Surfas fills its 12,000 square feet with cooking and baking supplies, as well as other treats for food-minded folks. (Amy Scattergood / Los Angeles Times)

“We have a bigger line of baking supplies, more pans, more sizes — and more gadgets,” said Les Surfas on a recent morning. One of the benefits of the new location, he says, is lower rent, and he’s passed on those savings to customers by lowering prices.

Surfas is hardly new at this. His father started the company in 1937 in a downtown L.A. garage. The business moved to a series of locations in Culver City over the last 40 years, moving to the corner of National and Washington boulevards in 2005, where it stayed until last year. (An Orange County location opened in 2012 and also closed last year. There is a second Surfas store, open since 2008, in Hot Springs, Ark., where Diana is from.)
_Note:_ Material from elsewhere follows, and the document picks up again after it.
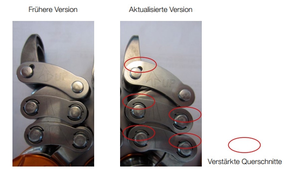 Es wurden einige Fälle von Rissen an einem der Verbindungsglieder der Kette an den Geräten ZIGZAG und ZILLON von Petzl bekannt. Unfälle wurden nicht gemeldet. Petzl hat die Ursache identifiziert und reagiert u.a. mit einer Verstärkung des Querschnitts der betroffenen Verbindungsglieder. Der eigene Bestand muss kontrolliert werden und ggf. betroffene Geräte sind einzuschicken. Es erfolgt kein genereller Produkt-Rückruf! Angesichts der geringen Anzahl der beschädigten Verbindungsglieder sowie der Tatsache, dass diese Risse kein unmittelbares zusätzliches Risiko für den Anwender darstellen, werden lediglich die beschädigten Geräte im Garantieverfahren ausgetauscht. Die Garantiedauer bezüglich dieses Fehlers wurde auf zehn Jahre erweitert.

“What did the queen say? Annus horribilis. That was our 2017,” said Diana. The husband-and-wife team now runs Surfas with a staff of 14, including a barista, a baker, a cheesemonger, and chef Nancy Yuan, who runs the demo kitchen and is in charge of the classes, which started in July. (Many of the staff are veterans of the Culver City store.) Recent or upcoming classes include artisan pizza-making, a pasta workshop, a class on African vegan cooking, and a workshop on Japanese sweets. And on Sept. 27, Surfas is collaborating with L.A. Kitchen on a class focused on making healthful food on a budget.
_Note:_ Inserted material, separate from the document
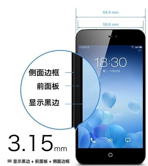 魅族MX2另一个让小米2S望尘莫及的就是其采用了超窄边框设计,MX2采用的是3.15mm超窄边框,超越了前代手机MX成为了当时边框最窄的手机。在机身宽度变化不大的情况下,以超窄边框的优势使屏幕尺寸变大,增强了视觉冲击力。

Les says that about half of Surfas’ business is commercial kitchen equipment, and the feel of the store — as it was in the Culver City location — is still more that of a warehouse than a boutique cooking stop. Wander between the aisles and you’ll find racks filled with stock pots in myriad sizes, including giant 80-quart pots; stacks of sheet pans; white ceramic bowls and pitchers and ramekins; wooden serving boards made by an Arkansas woodworker and other items geared to caterers; sacks of flour from White Lily, the 134-year-old Southern flour company; boxes and bags of Valrhona and Callebaut chocolate; a rainbow selection of cookie decorations; fondant and the glucose and xanthan gum used in more molecular cooking; and stacks of chefs’ jackets and toques, which also come in kids’ sizes.
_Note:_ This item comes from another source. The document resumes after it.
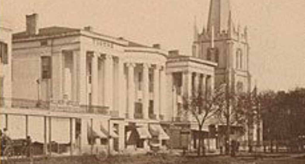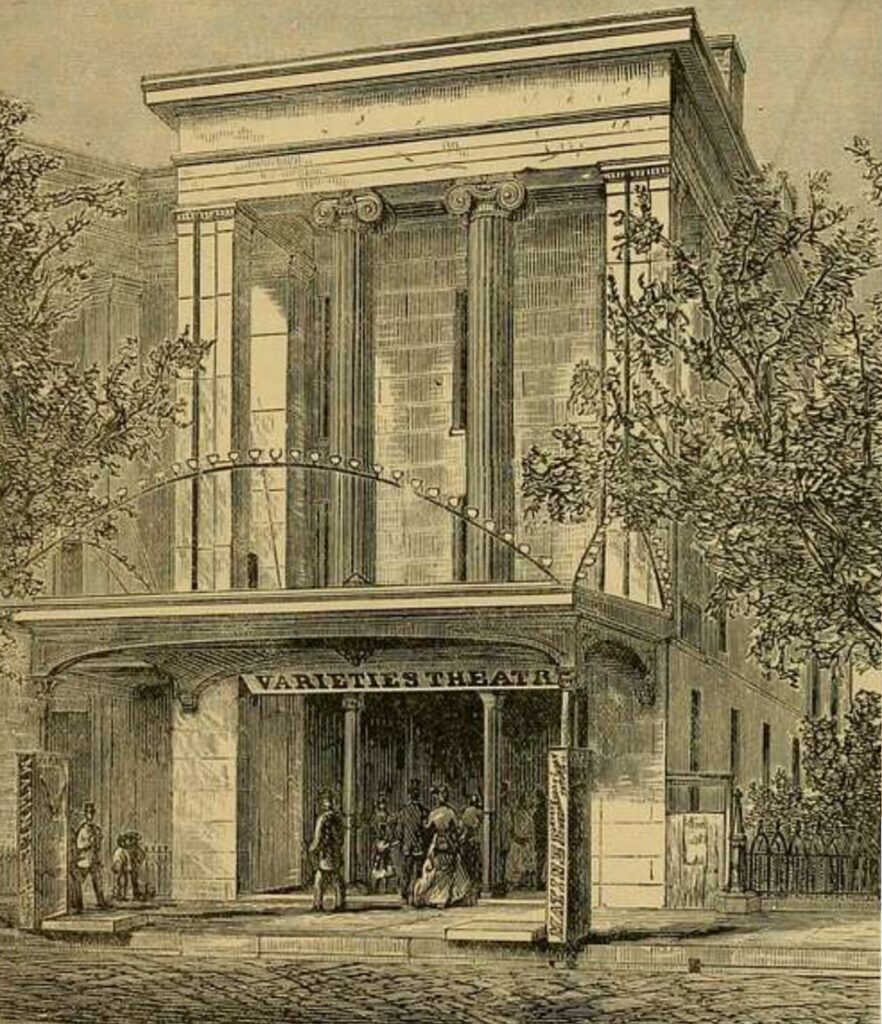Last unit of Union Terrace as the Varieties Theater. (Image from Jewell’s Crescent City Illustrated.)

Surfas offers a coffee menu as well as salads, sandwiches and a cheese and cured meats counter.
Surfas offers a coffee menu as well as salads, sandwiches and a cheese and cured meats counter. (Amy Scattergood / Los Angeles Times)

At the back of the shop, there’s a barista counter and cases filled with sandwiches and salads; salumi, including a giant Ibérico ham; cheeses; and pastries. Not all the pastries are made in-house yet, but the vegan desserts (chocolate mousse, panna cotta) are. There are also refrigerated and frozen cases, with items such as rendered duck fat, clotted cream and the coveted French butter beurre de baratte. And there’s a weekly knife-sharpening service, as there was in Culver City.

In short, there’s a lot of stuff. For now, you’ll have to head to Arlington Heights and shop in person, as Surfas’ online shop isn’t, well, online yet. Diana says she hopes to have it up in the next few weeks, in time for peak holiday season.

“We’re not a cookie cutter store,” says Les. “No pun intended,” he continues after a pause, remembering that among the many aisles is one devoted to cookie cutters.